International Enforcement is an IRS Priority: Immigrants are particularly vulnerable
By admin of MillarLaw A Professional Corporation On Sunday, May 12, 2019
The IRS announced its enforcement priorities include international reporting among the top two categories. I have represented taxpayer’s in disputes with the IRS and state taxing agencies over international and domestic tax issues for decades. What I have found is that there is a group of taxpayer’s facing international penalties; immigrants (typically first generation U.S. citizens) who are particularly vulnerable to penalties for various forms of failing to report (file Information Returns).
What are Information Returns? An Information Return is a disclosure document. Its intent is to advise the IRS or other agencies of the fact that the taxpayer (1) has an off-shore bank account, (2) is the grantor of or beneficiary of a foreign trust or (3) has an interest in a foreign corporation or partnership, (4) has received a gift or inheritance from a foreign person; or (5) has investment assets off-shore. Typically, no tax is due with the filing of an Information Return, but the penalties for late filing or non-filing can be huge.

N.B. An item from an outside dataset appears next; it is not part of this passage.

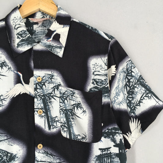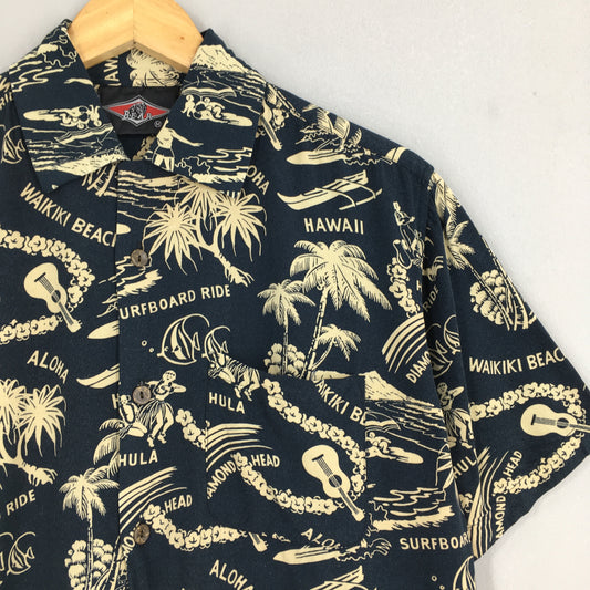 Hawaiian Honolulu Bamboo Tree Rayon Shirt Medium

Examples, (A) there is no tax due on the receipt of a foreign gift or inheritance regardless of amount, but the failure to timely file a Form 3520 can result in a penalty assessment of 25% -35% of the face amount of the gift or inheritance. (B) By now, most people are aware of the obligation to file a Report of Foreign Bank Account (FBAR), but the non-willful penalty is $10,000per year per account. A finding of “Willfulness” carries a penalty of the greater of $100,000 or 50% of the Highest account Balance in each year up to six (6) years. These are the civil penalties, criminal charges can also be brought. (ask Paul Manafort).

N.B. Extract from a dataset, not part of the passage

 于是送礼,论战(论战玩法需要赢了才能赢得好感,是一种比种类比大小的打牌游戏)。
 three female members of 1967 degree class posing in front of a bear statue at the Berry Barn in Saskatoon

In my experience one class of taxpayer’s has a greater chance of non-compliance than any other, immigrants. First generation Americans may have family or business interests in their country of origin. Most are dual citizens. For various reasons many fail to report gifts and inheritances. In many cases the penalty for failing to report the inheritance or gift, results in a seven figure penalty. So whose fault is the non-compliance?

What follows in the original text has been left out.